HackAuton Topics

These are the research areas that are particularly interesting to the lab and present many challenges in real world applications. These topics will be the focus of the hackAuton.

1. AI Safety

Trustworthiness, Interpretability, AI x Policy

AI has the potential to revolutionize many aspects of our lives, from healthcare and transportation to entertainment and finance. However, with this great power comes great responsibility. Ensuring that AI is safe and aligned with human values is crucial to avoid unintended consequences and negative impacts on society.

Examples:

  • Deepfakes: Deepfakes are AI-generated videos or images that can be used to manipulate public opinion or defame individuals. They have already been used to spread false information and create fake news. A recent NPR article highlights technical and policy challenges.
  • Autonomous Vehicles: Self-driving cars are becoming more common on our roads, but there are still concerns about their safety and ability to make ethical decisions in complex situations. The National Highway Traffic Safety Administration identifies autonomous vehicle safety as one of four core topics for technology and innovation.
  • Bias: AI algorithms can be biased if they are trained on biased data. This can lead to discrimination and unfair treatment of certain groups. The National Institute of Standards and Technology comments on the scope and challenge of AI bias.
  • Explainability and Interpretability: Certain applications of AI must justify critical decisions or earn the trust of users through transparency. Meanwhile, popular focus continues to trend toward increasingly large and complex black-box models. IBM discusses the value of explainable artificial intelligence (XAI).

2. Green/Sustainable AI/ML

Resource constrained AI. How can we leverage smarter AI without consuming compute and energy resources at unsustainable rates?

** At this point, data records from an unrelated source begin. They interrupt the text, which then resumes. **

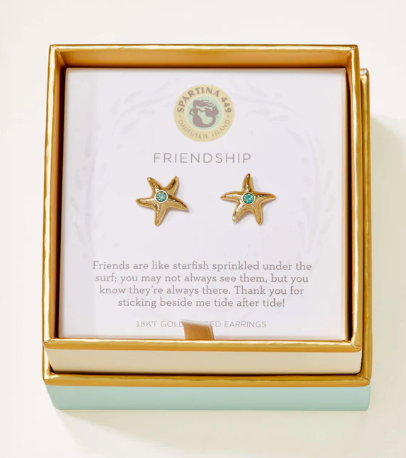 Wear our Friendship Earrings as a reminder that your friends are always there for you. Featuring starfish studs, these earrings come packaged inside a beautiful box with the message: "Friends are like starfish sprinkled under the surf; you may not always see them, but you know they’re always there. Thank you for sticking beside me tide aſter tide!"
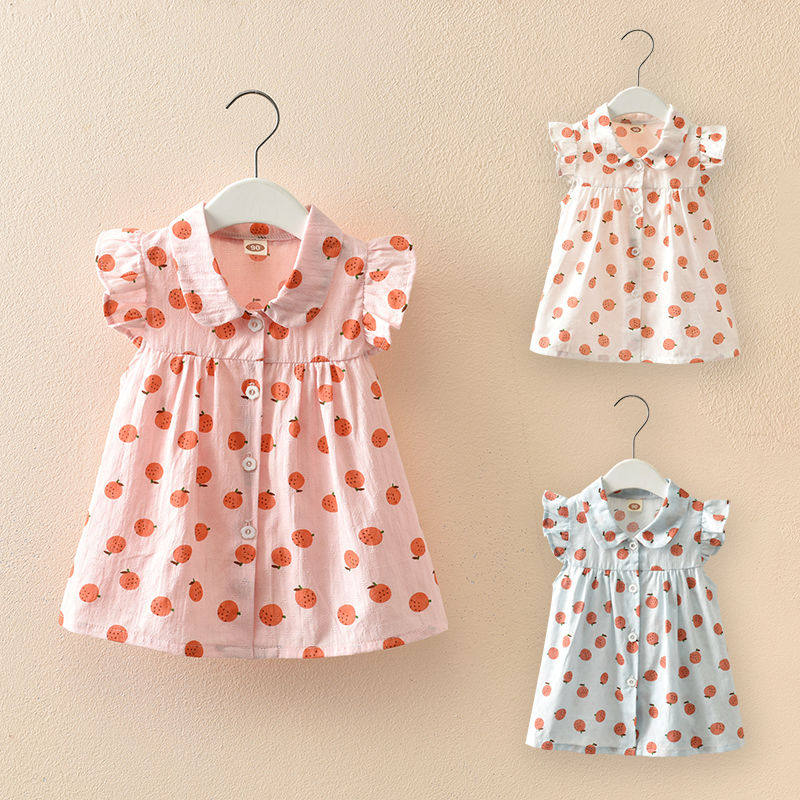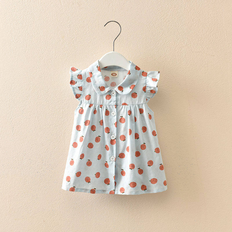 Summer female baby T-shirt blouses thin 3-year-old girl short sleeve 2 children small crushed flower lining pure cotton 4 ocean gas summer
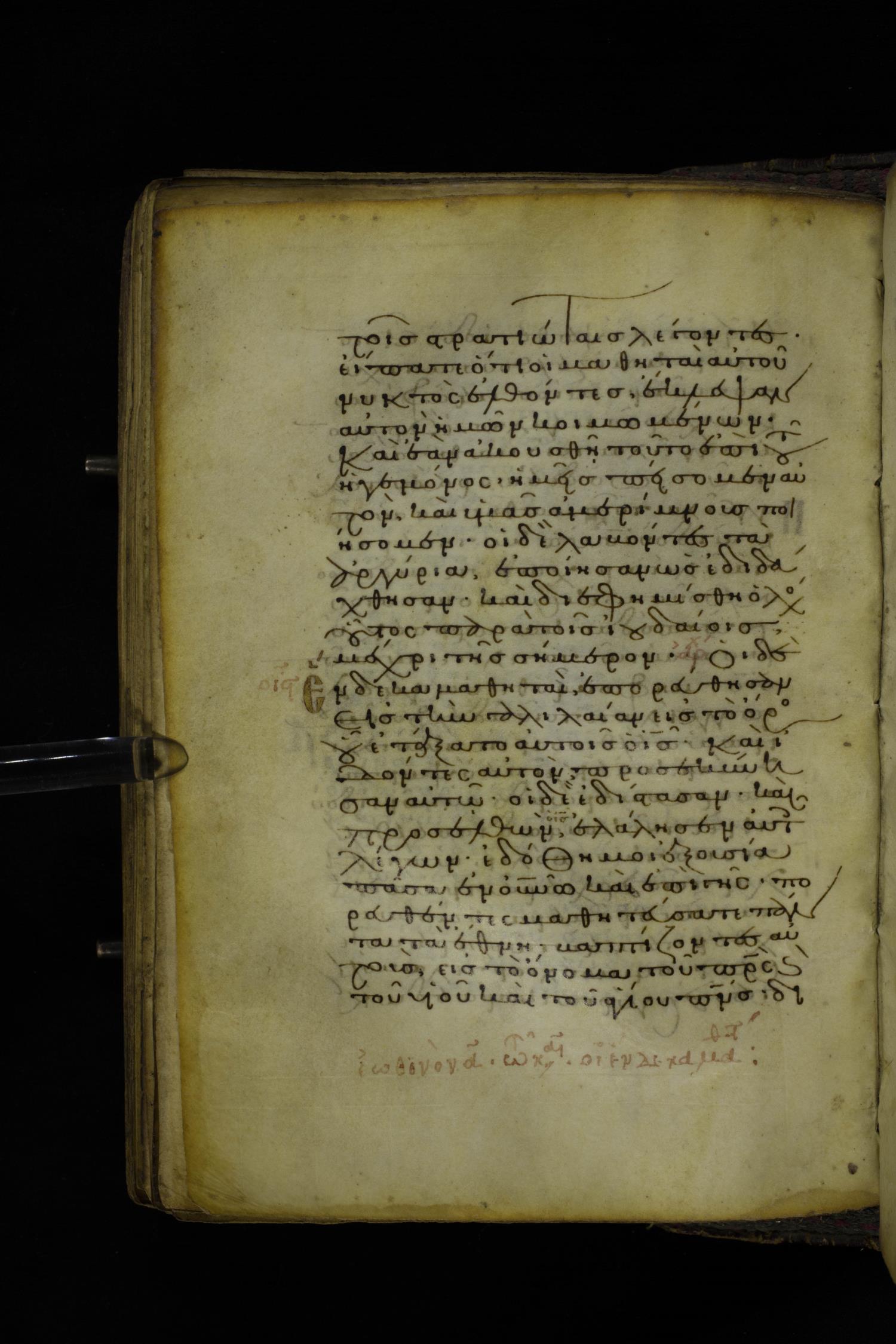 Twelfth century minuscule of the Gospel on parchment; 305 leaves, 1 column, 24 lines per column. Images were taken at the National Library of Greece in Athens.

As the size of models has increased and their use become more widespread, concerns about sustainability have emerged. To ensure long-term cost-effectiveness and minimize environmental impact, it is essential to explore ways to leverage smarter AI without consuming resources at unsustainable rates.

Examples:

  • Energy Consumption: For large models, both training and inference consume substantial amounts of energy. This is costly, limiting the ways these models can be practically deployed. Energy consumption is also associated with carbon emissions. An article by MIT Technology Review summarizes energy and emissions concerns.
  • Hardware: Expensive hardware such as GPUs or TPUs is required for large models. A CNBC article notes that the primary data center GPU from NVIDIA costs $10,000, and more recent high-end chips can cost several times that. Frequent upgrades and replacements also result in electronic waste (e-waste) that poses environmental hazards.
  • Data Costs: Collecting and preparing a sufficient amount of training data also comes with labor, computation, and storage costs. Techniques that reduce data-related costs can improve the sustainability of developing AI systems.

3. Reducing ML Development Cycle Time

How can we get fast prototypes? Reactionary AI? Generalized problem solving?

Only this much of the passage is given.